Here we’re confronted with the problem of incentives. Police are incentivized to spy on citizens, whether innocent or guilty. The success of law enforcement is measured by arrests, not by the population’s peace and happiness. Definitely not by how well civil liberties have been protected. None of that fits in a spreadsheet! Nation-states are incentivized to spy on each other, for the sake of regular ol’ espionage as well as obtaining commercial secrets. It’s desirable to keep an eye on the neighbors. What are they up to? When and where are they going to sell their newest invention?

Photo via Thierry Ehrmann. War logs!

Photo via Thierry Ehrmann.

Maybe this sounds paranoid, but it’s not. The US increasingly relies on its information economy, which means that data and insight are both especially valuable. Other developed countries are similarly beholden to ideas and intellectual property. One of the profound dangers posed by China is its disregard for patents and copyrights, and its subsequent explosion of innovation. Being surpassed is America’s direst fear. We need to make ourselves great again, right?!
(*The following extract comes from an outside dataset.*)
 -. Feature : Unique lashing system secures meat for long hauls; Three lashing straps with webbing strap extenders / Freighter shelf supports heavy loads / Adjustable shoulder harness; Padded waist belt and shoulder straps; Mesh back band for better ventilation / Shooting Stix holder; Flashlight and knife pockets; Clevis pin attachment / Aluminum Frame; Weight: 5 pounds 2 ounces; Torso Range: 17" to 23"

I’ve written about apathy before. It’s the enemy of the entrepreneur and the activist. In a world full or products and causes, it’s tough to cajole someone into caring. Who has the time? And, more crucially, who has the correct incentive structure? Mister Average Joe doesn’t need to worry about surveillance — it doesn’t impact him immediately or concretely — and consequently he simply doesn’t bother himself with the subject.

Every time I say something like this, I’m accused on complacency. And I guess that’s fair. I’m resigned to reality, and I don’t try to agitate against the status quo. Selfishness makes me more interested in surviving and excelling than in overturning power structures.

“I said yes to the mandatory government implants […] because I, like everybody else, just wanted to be safe.” — short story by Maverix75

Tiny Friendly Robots

Nanobots were first developed for medical purposes, of course. That’s where the funding was — both pharmaceutical companies and government grants supported the initial research. Army surgeons used the earliest models in the field, and eventually big hospitals could afford fleets of little medbots. Before long nanobots could do more than clear internal blockages and seal wounds. They could purify bodily fluids. Dispense chemicals. Stimulate particular areas of the brain.

That last application was tricky to develop. Predictably, as soon as the tech was ready, Congress wanted to futz around with legislation. For a while, people who could afford it traveled to less-regulated parts of the world for treatment. Neither mental illness nor cancer were solved, exactly, but they were a lot easier to deal with.

Artwork by psion005.

Artwork by psion005.

The original nanobot swarms had to be injected into the patient’s bloodstream. But the programming rapidly became more sophisticated, and the info-storage hardware was engineered to be extremely tiny. Third-generation nanobots could be swallowed. They’d swim to the area where they were needed. Or, to be more precise, where they were directed to go.

The espionage possibilities were obvious — spike a plate of salmon crostini at a party and hack all the guests’ pleasure receptors. Making someone too happy was a good way to disarm them, literally and figuratively. Nanobots were a drug and a scalpel combined. Anyone who thought they were worth targeting became very cautious about what they consumed.

Ordinary people, however, were thrilled. It took a little while, naturally — ten years had to pass before commercial nanobots really took off. When mothers give something to their schoolchildren, that’s when the big money starts rolling in! The grind of daily life and the respite of entertainment were both impacted. Nanobots regulated your emotions during the workday. When you got home, they made whatever you wanted to do better than it had been a decade ago.

VR enviros were touted as immersive in the 2020s, but now your brain didn’t need to be tricked — the holo scenes and the nanobots had integrated instructions. You really felt the sensations that you were supposed to. What a relief!